A word-for-word copy of the whole listing is required.

Supplied data START

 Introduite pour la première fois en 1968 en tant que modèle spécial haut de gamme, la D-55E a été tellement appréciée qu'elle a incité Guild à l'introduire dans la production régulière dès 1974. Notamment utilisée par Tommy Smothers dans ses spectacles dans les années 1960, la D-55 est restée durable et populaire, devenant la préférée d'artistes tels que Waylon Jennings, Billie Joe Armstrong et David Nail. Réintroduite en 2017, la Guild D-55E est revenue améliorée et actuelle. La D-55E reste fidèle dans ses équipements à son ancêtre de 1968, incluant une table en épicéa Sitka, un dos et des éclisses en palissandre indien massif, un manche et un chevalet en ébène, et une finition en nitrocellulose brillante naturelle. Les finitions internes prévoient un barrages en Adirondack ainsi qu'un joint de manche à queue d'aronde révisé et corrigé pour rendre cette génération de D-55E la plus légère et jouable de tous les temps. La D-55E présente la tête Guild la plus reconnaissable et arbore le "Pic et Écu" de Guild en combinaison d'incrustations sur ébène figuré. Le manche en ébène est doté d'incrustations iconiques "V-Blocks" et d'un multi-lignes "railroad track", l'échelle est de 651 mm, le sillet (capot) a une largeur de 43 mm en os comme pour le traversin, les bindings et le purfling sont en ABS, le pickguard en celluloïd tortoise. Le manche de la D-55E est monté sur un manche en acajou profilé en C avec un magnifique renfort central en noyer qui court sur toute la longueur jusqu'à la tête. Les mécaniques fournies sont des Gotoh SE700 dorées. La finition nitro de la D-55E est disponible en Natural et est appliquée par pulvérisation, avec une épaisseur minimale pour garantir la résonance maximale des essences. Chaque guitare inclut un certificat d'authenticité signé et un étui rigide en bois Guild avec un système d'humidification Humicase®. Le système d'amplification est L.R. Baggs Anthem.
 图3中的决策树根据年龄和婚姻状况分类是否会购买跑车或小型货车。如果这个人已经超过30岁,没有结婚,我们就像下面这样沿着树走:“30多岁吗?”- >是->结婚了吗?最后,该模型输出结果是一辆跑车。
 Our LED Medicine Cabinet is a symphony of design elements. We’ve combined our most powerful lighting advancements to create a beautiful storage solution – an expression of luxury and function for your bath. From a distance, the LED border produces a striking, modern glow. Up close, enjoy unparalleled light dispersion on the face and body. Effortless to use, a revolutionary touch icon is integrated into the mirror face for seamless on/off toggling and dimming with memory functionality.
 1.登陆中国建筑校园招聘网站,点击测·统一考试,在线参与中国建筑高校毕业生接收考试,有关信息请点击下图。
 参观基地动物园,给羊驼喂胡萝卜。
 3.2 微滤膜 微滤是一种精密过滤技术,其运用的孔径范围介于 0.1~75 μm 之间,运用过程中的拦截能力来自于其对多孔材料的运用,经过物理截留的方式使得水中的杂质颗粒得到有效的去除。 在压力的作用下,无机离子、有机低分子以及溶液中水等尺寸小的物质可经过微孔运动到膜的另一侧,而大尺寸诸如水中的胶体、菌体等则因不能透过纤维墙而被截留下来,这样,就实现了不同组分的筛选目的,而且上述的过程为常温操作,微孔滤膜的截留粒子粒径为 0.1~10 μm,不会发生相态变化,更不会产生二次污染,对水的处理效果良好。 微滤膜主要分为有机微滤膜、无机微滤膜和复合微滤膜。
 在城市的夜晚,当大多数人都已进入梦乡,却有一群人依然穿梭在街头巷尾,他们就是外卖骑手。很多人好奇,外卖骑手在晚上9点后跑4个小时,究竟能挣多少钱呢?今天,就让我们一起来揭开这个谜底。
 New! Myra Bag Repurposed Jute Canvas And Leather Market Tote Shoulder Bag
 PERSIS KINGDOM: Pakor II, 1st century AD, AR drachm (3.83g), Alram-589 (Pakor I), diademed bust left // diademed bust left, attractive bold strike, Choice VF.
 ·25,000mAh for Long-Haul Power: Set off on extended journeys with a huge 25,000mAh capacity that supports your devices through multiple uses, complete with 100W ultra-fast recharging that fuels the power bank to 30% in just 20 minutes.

Supplied data END

Final answer:
 Introduite pour la première fois en 1968 en tant que modèle spécial haut de gamme, la D-55E a été tellement appréciée qu'elle a incité Guild à l'introduire dans la production régulière dès 1974. Notamment utilisée par Tommy Smothers dans ses spectacles dans les années 1960, la D-55 est restée durable et populaire, devenant la préférée d'artistes tels que Waylon Jennings, Billie Joe Armstrong et David Nail. Réintroduite en 2017, la Guild D-55E est revenue améliorée et actuelle. La D-55E reste fidèle dans ses équipements à son ancêtre de 1968, incluant une table en épicéa Sitka, un dos et des éclisses en palissandre indien massif, un manche et un chevalet en ébène, et une finition en nitrocellulose brillante naturelle. Les finitions internes prévoient un barrages en Adirondack ainsi qu'un joint de manche à queue d'aronde révisé et corrigé pour rendre cette génération de D-55E la plus légère et jouable de tous les temps. La D-55E présente la tête Guild la plus reconnaissable et arbore le "Pic et Écu" de Guild en combinaison d'incrustations sur ébène figuré. Le manche en ébène est doté d'incrustations iconiques "V-Blocks" et d'un multi-lignes "railroad track", l'échelle est de 651 mm, le sillet (capot) a une largeur de 43 mm en os comme pour le traversin, les bindings et le purfling sont en ABS, le pickguard en celluloïd tortoise. Le manche de la D-55E est monté sur un manche en acajou profilé en C avec un magnifique renfort central en noyer qui court sur toute la longueur jusqu'à la tête. Les mécaniques fournies sont des Gotoh SE700 dorées. La finition nitro de la D-55E est disponible en Natural et est appliquée par pulvérisation, avec une épaisseur minimale pour garantir la résonance maximale des essences. Chaque guitare inclut un certificat d'authenticité signé et un étui rigide en bois Guild avec un système d'humidification Humicase®. Le système d'amplification est L.R. Baggs Anthem.
 图3中的决策树根据年龄和婚姻状况分类是否会购买跑车或小型货车。如果这个人已经超过30岁,没有结婚,我们就像下面这样沿着树走:“30多岁吗?”- >是->结婚了吗?最后,该模型输出结果是一辆跑车。
 Our LED Medicine Cabinet is a symphony of design elements. We’ve combined our most powerful lighting advancements to create a beautiful storage solution – an expression of luxury and function for your bath. From a distance, the LED border produces a striking, modern glow. Up close, enjoy unparalleled light dispersion on the face and body. Effortless to use, a revolutionary touch icon is integrated into the mirror face for seamless on/off toggling and dimming with memory functionality.
 1.登陆中国建筑校园招聘网站,点击测·统一考试,在线参与中国建筑高校毕业生接收考试,有关信息请点击下图。
 参观基地动物园,给羊驼喂胡萝卜。
 3.2 微滤膜 微滤是一种精密过滤技术,其运用的孔径范围介于 0.1~75 μm 之间,运用过程中的拦截能力来自于其对多孔材料的运用,经过物理截留的方式使得水中的杂质颗粒得到有效的去除。 在压力的作用下,无机离子、有机低分子以及溶液中水等尺寸小的物质可经过微孔运动到膜的另一侧,而大尺寸诸如水中的胶体、菌体等则因不能透过纤维墙而被截留下来,这样,就实现了不同组分的筛选目的,而且上述的过程为常温操作,微孔滤膜的截留粒子粒径为 0.1~10 μm,不会发生相态变化,更不会产生二次污染,对水的处理效果良好。 微滤膜主要分为有机微滤膜、无机微滤膜和复合微滤膜。
 在城市的夜晚,当大多数人都已进入梦乡,却有一群人依然穿梭在街头巷尾,他们就是外卖骑手。很多人好奇,外卖骑手在晚上9点后跑4个小时,究竟能挣多少钱呢?今天,就让我们一起来揭开这个谜底。
 New! Myra Bag Repurposed Jute Canvas And Leather Market Tote Shoulder Bag
 PERSIS KINGDOM: Pakor II, 1st century AD, AR drachm (3.83g), Alram-589 (Pakor I), diademed bust left // diademed bust left, attractive bold strike, Choice VF.
 ·25,000mAh for Long-Haul Power: Set off on extended journeys with a huge 25,000mAh capacity that supports your devices through multiple uses, complete with 100W ultra-fast recharging that fuels the power bank to 30% in just 20 minutes.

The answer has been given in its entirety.